You look closely: your son, but what's his name? Enrique? Estefan? It's so hard to keep track. "!Callete!" you shout, smashing his cheek with the back of your hand, sending him flying across the room. You take another swig of San Miguel and turn the volume up. "Dije, stop that crying, puto!" you shout. "Daddy's watching Jeopardy!"
"This even whole number," says Alex Trebek, reading from a card, "comes after one, and before three."
"Jo, what is six, mang!" you shout, raising your bottle.
But you pass out before you hear the answer. Asleep, fly open, in your plastic-covered recliner, you fall into a dream. You are dreaming of your birth. Or a time shortly after it, anyway. There is something soft underneath you—a discarded pizza. Friendly fairies, resembling what you would in adulthood know as flies, buzz around your head. The sky above you is not a boundless horizon, but a clearly-defined rectangle, walled in on all sides with deep-blue opaque edges. You're in a dumpster, outside the motorcycle repair shop where your mother left you, on her way to pick up her chopper.
Through the miracle of the internet we know where that motorcycle shop is. We clicked on "Businesses located near Eduardo Ana Ingrid Debs" and found that fateful place-"Tombstone Cycles, 3468 S. Military Trail, Lake Worth, FL". We called up. "It's me, Eduardo!" we said. "Do you remember me? The little boy, do you remember? All those years ago?"
But they don't remember. It's just a motorcycle shop. It always was just a motorcycle shop.

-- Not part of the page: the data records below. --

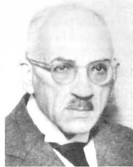
Foto 7: Dr. Paul Blüthgen
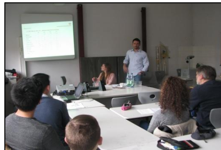
Aktion Berufsfeld Sport mit 05-Mitarbeitern Gymnasium am Mosbacher Berg Wiesbaden
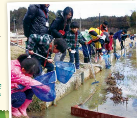
水田内の水路で生き物観察をする参加者

参加者は、「もち米の産地として知っていたが、水田内に水路を設置するなど環境に配慮した農業に取り組んでいることを初めて知った」と訪れてみてわかる地域の魅力を再発見していました。
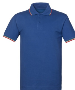
Y2 – ALBASTRU NAȚIONAL/ TRICOLOR
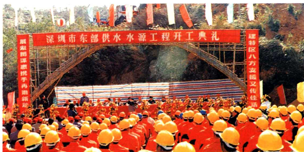
▲ 1996年11月30日，深圳市东部供水水源工程在惠阳永湖输水隧洞口举行开工典礼。下图，李子彬市长和其他领导为工程开工奠基。
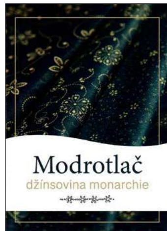
Brožúra Modrotlač – džínsovina monarchie, Moldava nad Bodvou 2021

Mestské kultúrne stredisko v Moldave nad Bodvou prezentovalo počas leta, od 24. júna do 30. júla 2021, modrotlačiarске remeslo prostredníctvom popularizačnej výstavy, ktorá bola realizovaná s podporou Fondu malých projektov z Programu cezhraničnej spolupráce Interreg V-A Slovenská republika – Maďarsko, v rámci projektu
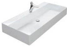
KERAMIK 600 | 800 | 1020 | 1220 | 1420 | 1620 MM
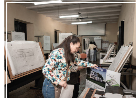
La facultad de Arte y Diseño de UNIMAYOR se lució en Espacio Abierto , espacio donde los estudiantes reflejan su dedicación, conocimiento y compromiso.
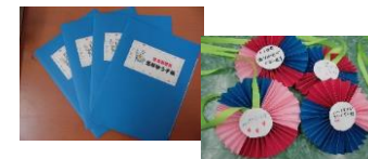
給食委員が作った
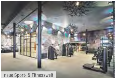
neue Sport- & Fitnesswelt
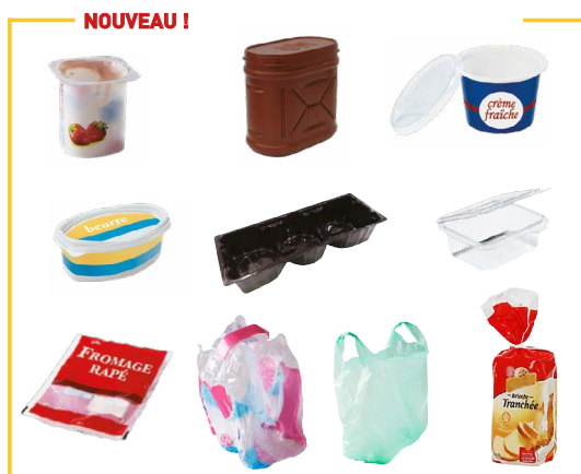
Tous les emballages en plastique
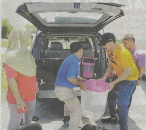
Penduduk terpaksa berulang alik untuk mendapatkan bekalan air.

Menurutnya, dia berharap gangguan bekalan air di kawasan terlibat segera diatasi.
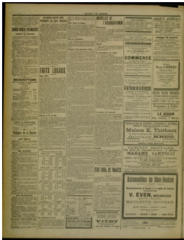
Le Journal de Mantes, 9 décembre 1914

De Le Wiki de la Grande Guerre Aller à : navigation, rechercher
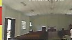
Reconstrucción de iglesia Tutultepeque.
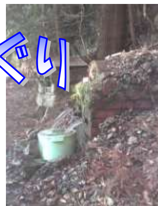
(旧南島町河内 だんのひらのわき水)
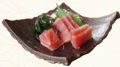
マグロの刺身 1,170円【税込】
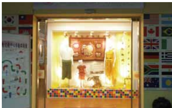
積穗國小國際文教中心門口。
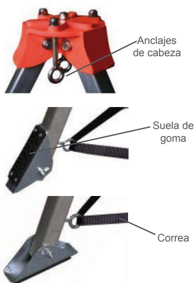
Trípode TRI 9 Detalles
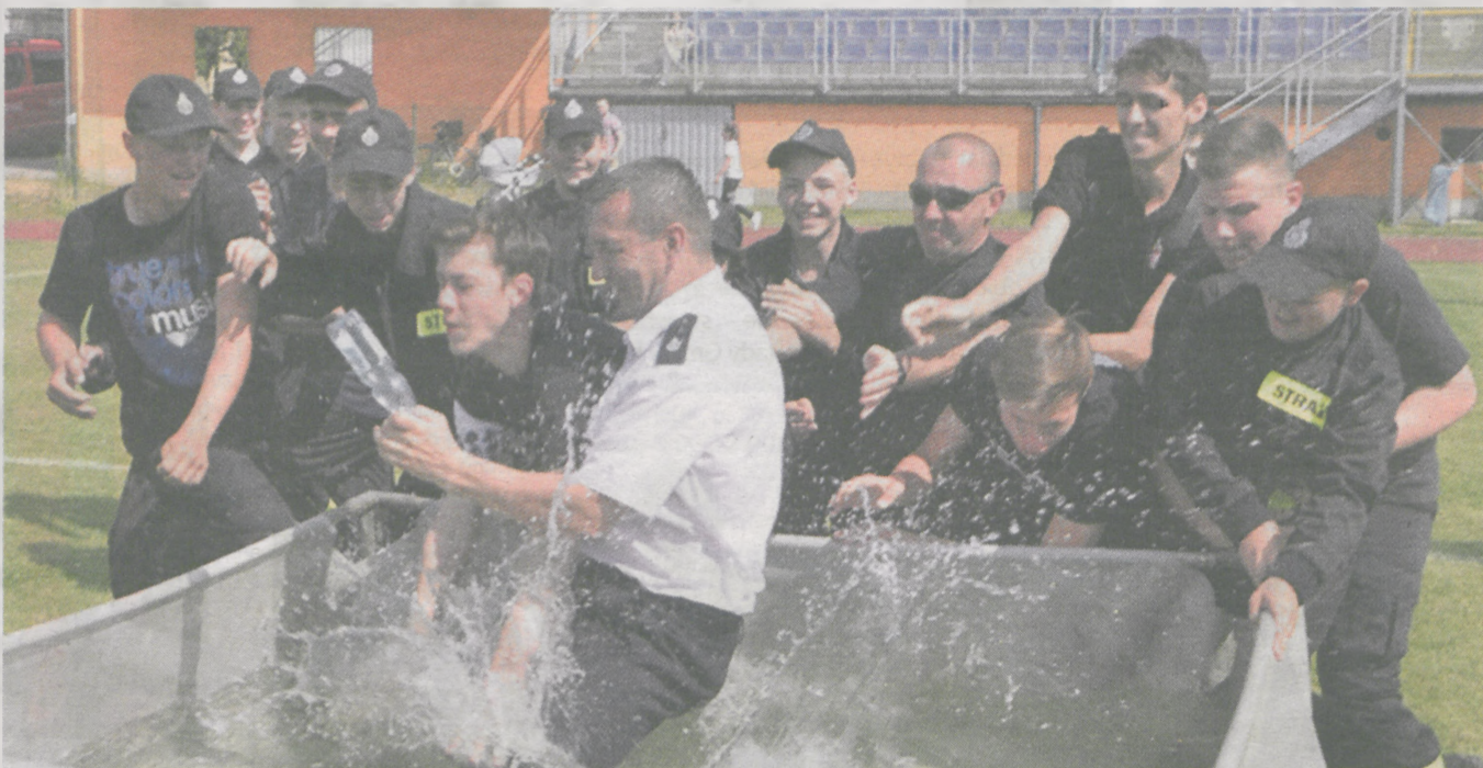
Na zakończenie opiekunowie drużyn młodzieżowych zostali wrzuceni do basenu

1. OSP Cielcza 2. OSP Kadziak 3. OSP Witaszyce
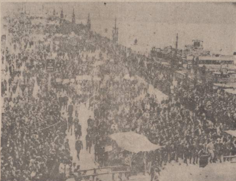
Turkai, patyrę apie graikų partizanų užpuolimą Kipro saloj ant turkų kaimelio gyventojų, Stambule suruošė dideles demonstracijas, kuriose jaunuoliai reikalavo keršyti graikams. Paveiksle matome protestuojančius turkus.

Klaipėdoje įsitaisęs valstybinis rusų žvejybos laivynas stokoja jūreivių darbininkų: skelbimai laikraščiuose kviečia stoti į tą darbą, net ir neišėjusius privalomojo mokslo (net ir pradines mokyklos nebaigusius). Žadamas atlyginimas — 220-250 rublių per mėnesį ir nemokamai maistas bei darbo apranga. Bet įsakymai pabrėžia, kad buto (šeimai) netenka tikėtis. Gyventi teks arba laive, arba
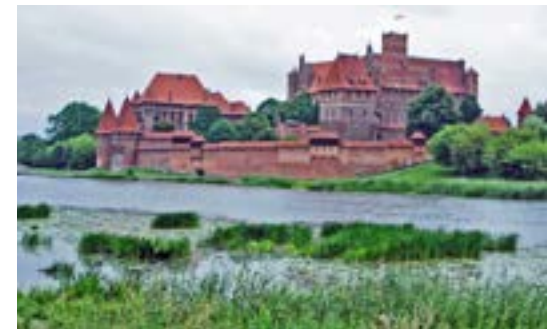
Marienburg – Residenz des Deutschen Ordens, 13. Jh. (UNESCO-Weltkulturerbe)
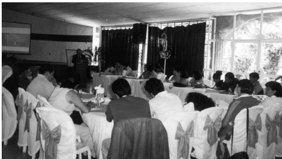
Asamblea de la mesa departamental de concertación de Huehuetenango

Fuente: Asamblea de la mesa departamental de concertación de Huehuetenango con la participación de representantes de la Comisión Presidencial sobre Descentralización y de la Comisión Presidencial sobre Derechos Humanos el 25 de abril de 2002. Foto tomada por la autora.
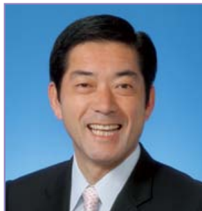
愛媛県知事 中村 時広

平成二十五年の年頭に当たり、謹んで新春のお喜びを申し上げます。松山青年会議所の皆様方におかれましては、日頃から、地域のネットワークを大切にしながら、明るい豊かな地域社会の実現に多大な御尽力を賜りますとともに、県政の推進に格別の御理解と御協力をいただいております。また、新公益法人制度施行にともなう
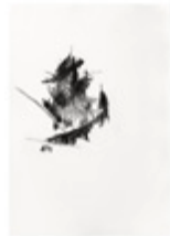
Abb. 33, Seite 37 O.T. (Klosterwald) 25.09.2017 Zeichenkohle, Büttenskarton Ca. 78,8 x 55 cm
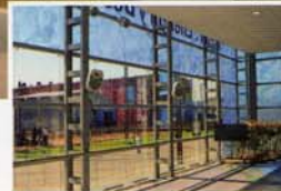
Pabellón Agua: Energía y Desarrollo
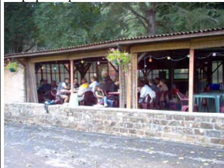
Les mêmes de l'extérieur,
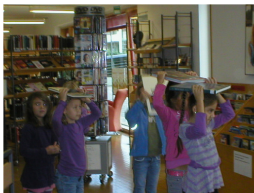
Spiel & Spaß mit Büchern für Schüler
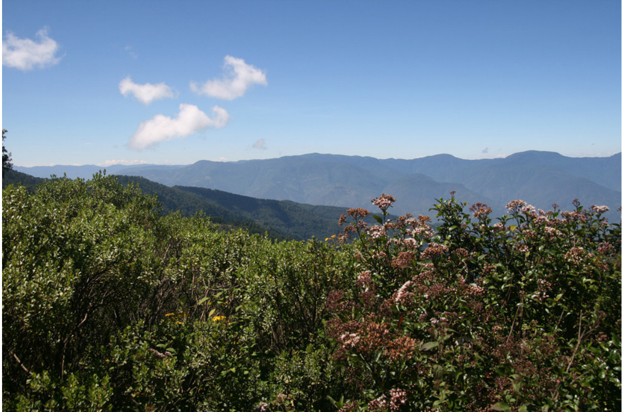
Utsikt från El Mirador, Oaxaca.

men lyckade inte klämma ur sig det på ett begripligt sätt. Under resten av morgonen utforskade vi därför en sidoväg som hade rätt så gott om fågel och fjärilar, däribland Short-tailed och Gray Hawks, Orchard Oriole, Yellow-throated Vireo, Long-billed Gnatwren (hörd) plus ett par Mexican Black Agoutis. Vi åkte sedermera in till Valle Nacional för lunch och siesta. Under tiden funderade jag på olika lösningar för att göra det bästa av situationen. När vi sedan gav oss ut för eftermiddagsskådning såg vi alla en stor skylt över vägen det det klart och tydligt stod OAXACA och en pil till vänster. Aningen pinsamt men ändå en jättestor lättnad! Således åkte vi en mil upp för den riktiga vägen och skådade oss ner. Fåglarna var måttligt samarbetsvilliga, men vi kunde bland annat addera White-tailed Hawk, Golden-hooded och Crimson-collared Tanagers, Red-legged och Green (SH) Honeycreepers samt Black-cowled (KLN) och Bullock's Orioles till reselistan. Trevlig middag och rent av en Magnum för SH avslutade denna något märkliga dag.
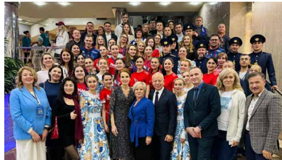
Камазовцы второй год подряд занимают первое место в общекомандном зачёте
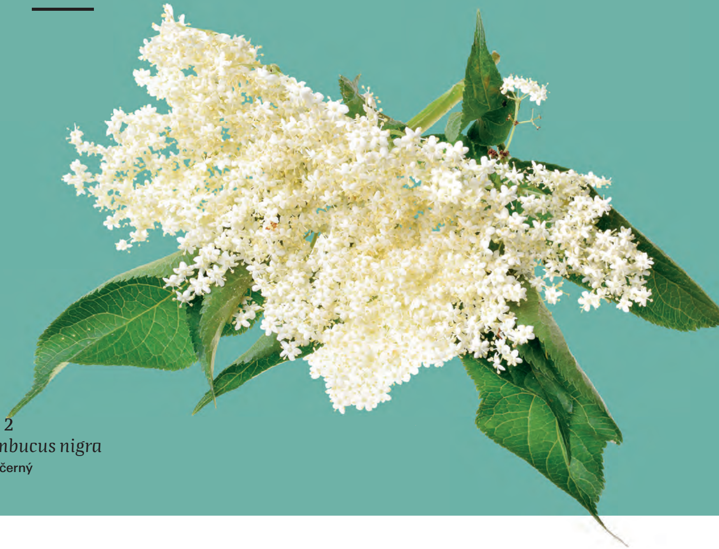
fig. 2 Sambucus nigra Bez černý

baza, bazičky, bez domácí, bez psí, bez smradlavý, beza, bezinka, bezinky, bezová duše, bezoví, bezový květ, bílý bez, bílý květ, blivánky (na Vysočině), bzí, bzina, bzinčí, bzíní, bzinky, černá bezinka, černá bzinka, černý bez, čertův strom, dryáda, ellhorn, habzina, habžina, hulák, hular, hural, chebdový keř, chabza, chabzda, chabzdě, chebdový květ, chebst, chebz, chebzí, chebzík, chebzinky, chebzový květ, chebži, kalina, kašička, keř čarodějný, kobzina, kobzinky, kosmatice, kozíček, kozička, kozičky, kozinky, Lady Elder, píšťalkový strom, psí bez, psí víno, psí víno léčivé, psounský bez, pukač, rostlinná apatyka, smradinka, smradinky, smradlavka, smradlavý bez, strážní strom, strom velké bohyně, strom víl, zebzový květ
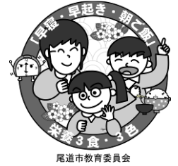
尾道市教育委員会
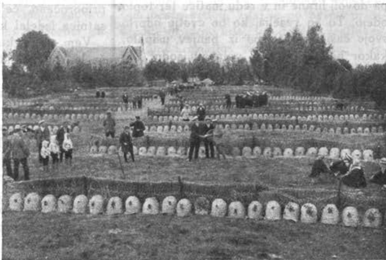
Veenendaalski čebelni semenj.

V pokrajinah Zeeland, Zuid Holland, Nord Holland, Gelderland, Friesland in Groningen pridelajo mnogo deteljinega medu. V pokrajinah Gelderland, Friesland,
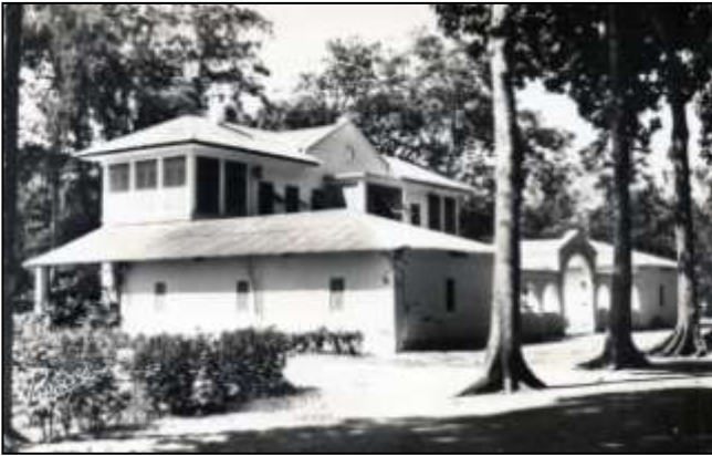
2 - LOMÉ (Togo) - Le Service d'Hygiène

Meanwhile, halfway around the world, we at the eXile sit in our elegantly-furnished apartments in silk bathrobes, periodically checking the stock prices that flash across the screens of our whirring pastel-colored iMac computers. The smoke from our Dunhill cigarettes wafts across the neatly-manicured interior "space" our decorators designed at great cost, and then out into the fresh open air, through the thin slits of our Venetian blinds. Fresh out of the shower, all alone with our work done and no more appointments to make, our flaccid pink members brush pleasantly against the buttery leather of our living-room seats. Aaaaahh.
Life is good, we think to ourselves. People like us were born for life in this world. And as this familiar thought passes over us with its usual sense of satisfying revelation, we take a sip of carefully-aged Courvoisier from our crystal tumblers and stop with a sip (because for us, a sip is good enough). And then, to round it all off, to make the feeling complete, we send off, with a click of the keyboard, this open letter to you—Eduardo Ana Ingrid Debs, of 611 W. 53rd St., Hialeah, FL, 33012-2523.